Nevertheless, science fiction woes aside, “time dilation”—as the
relativistic slowing of clocks is called with regard to moving objects
—is very much real, and very much experienced every day here on
Earth. At high-energy particle accelerators such as the Large Hadron
Collider, for example, we regularly accelerate elementary particles to
speeds of 99.9999 percent of the speed of light and rely on the effects
of relativity when exploring what happens.
But even closer to home, relativistic time dilation has an impact.
We on Earth are all bombarded every day by cosmic rays from space.
If you had a Geiger counter and stood out in a field, the counter
would click at a regular rate every few seconds, as it recorded the
impact of high-energy particles called muons. These particles are
produced where high-energy protons in cosmic rays smash into the
atmosphere, producing a shower of other, lighter particles—
including muons—which are unstable, with a lifetime of about one-
millionth of a second, and decay into electrons (and my favorite
particles, neutrinos).
If it weren’t for time dilation, we would never detect these muon
cosmic rays on Earth. Because a muon traveling at close to the speed
of light for a millionth of a second would cover about three hundred
meters before decaying. But the muons raining down on Earth make
it twenty kilometers, or about twelve and a half miles or so, from the
ͣ͝
upper atmosphere, in which they are produced, down to our Geiger
counter.
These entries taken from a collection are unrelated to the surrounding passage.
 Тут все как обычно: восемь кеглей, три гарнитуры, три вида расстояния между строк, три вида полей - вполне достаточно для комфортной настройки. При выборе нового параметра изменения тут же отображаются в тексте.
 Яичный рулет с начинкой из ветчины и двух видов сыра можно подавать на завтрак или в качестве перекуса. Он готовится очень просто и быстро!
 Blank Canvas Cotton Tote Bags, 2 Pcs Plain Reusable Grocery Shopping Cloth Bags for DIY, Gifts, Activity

This is possible only if the muons’ internal “clocks” (which
prompt them to decay after one-millionth of a second or so) are
ticking slowly relative to our clocks on Earth, ten to one hundred
times more slowly than they would be if they were produced at rest
here in a laboratory on Earth.
• • •
The last implication of Einstein’s realization that the speed of light
must be constant for all observers appears even more paradoxical
than the others—in part because it involves changing the physical
behavior of objects we can see and touch. But it also will help carry
us back to our beginnings to glimpse a new world beyond the
confines of our normal earthbound imagination.
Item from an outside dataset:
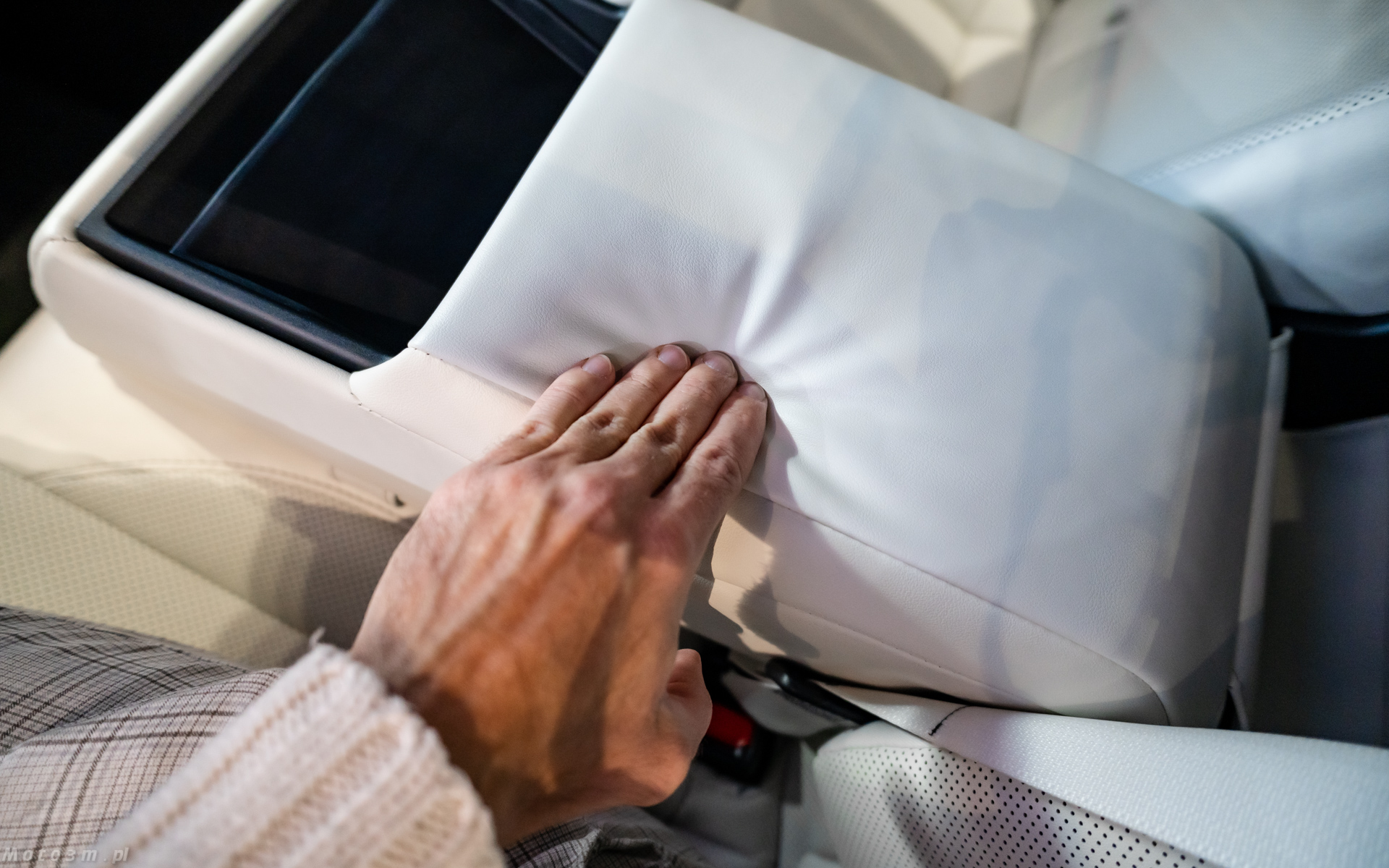 Nie zmieni się natomiast wielkość kabiny, a ta jest imponująca. Nie bez powodu producent zwraca uwagę na wielkość tylnych drzwi. Są one większe niż te przednie – i przekłada się to na wręcz prezydencki komfort jazdy na tylnej kanapie. Jeśli pasażerowie z przodu nie odsuwają zanadto swoich foteli, mówimy tutaj o klasie modeli z segmentu F i to nawet tych w wersji „long”. Warto też oprzeć się o tylny podłokietnik – rzadko kiedy bywa on tak miękki! Za sprawą baterii umieszczonych w podłodze, miejsca dla pasażerów są umieszczone nieco wyżej niż standardowo ma to miejsce w limuzynach. Przekłada się to na wygodniejsze wsiadanie i wysiadanie.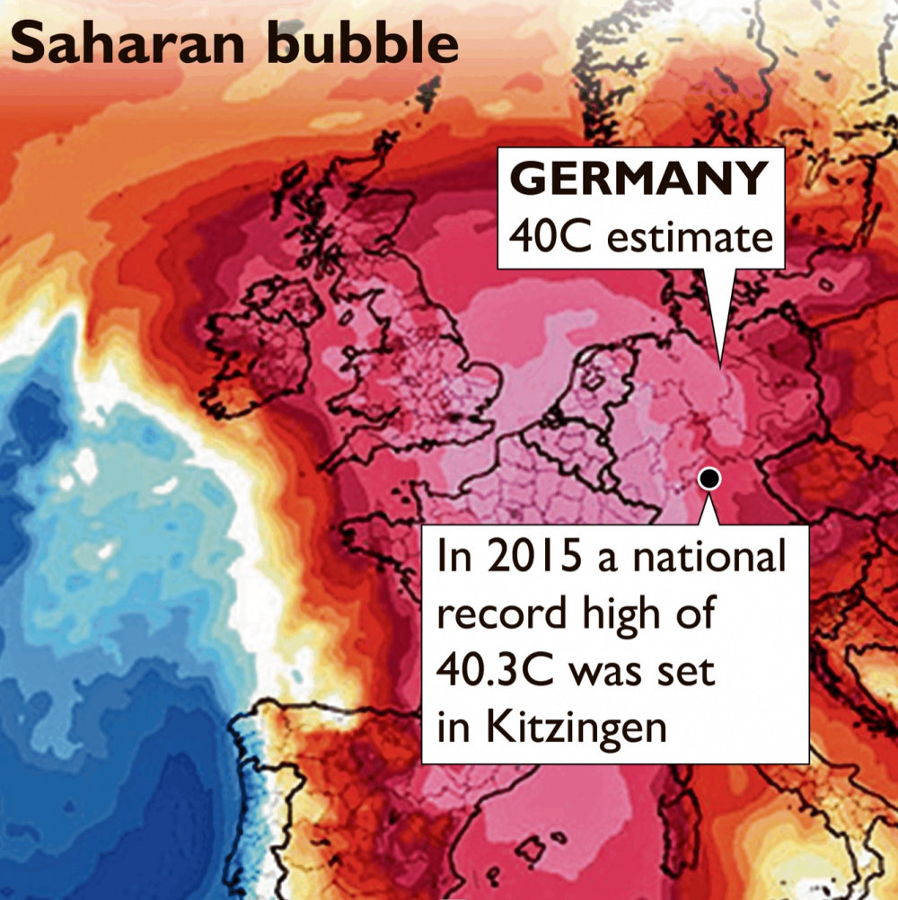 @raisingirl, I’m sure you are right, although it said in the press it’s going to get hot, humid and thundery with up to 30degC in London by end of next week as there is a ‘Saharan Plume’ due to hit Europe. I’m in the pink bit on/below the K in Kitzingen on this map and temps are forecast to get to 39 here - tho it changes so fast, who knows!

The result is simply stated, even if the consequences may take
some time to digest. When I am carrying an object such as a ruler,
and moving fast compared to you, my ruler will be measured by you
to be smaller than it is for me. I might measure it to be 10 cm, say:
But to you, it might appear to be merely 6 cm:
Surely, this is an illusion, you might say, because how could the
same object have two different lengths? The atoms can’t be
compressed together for you, but not for me.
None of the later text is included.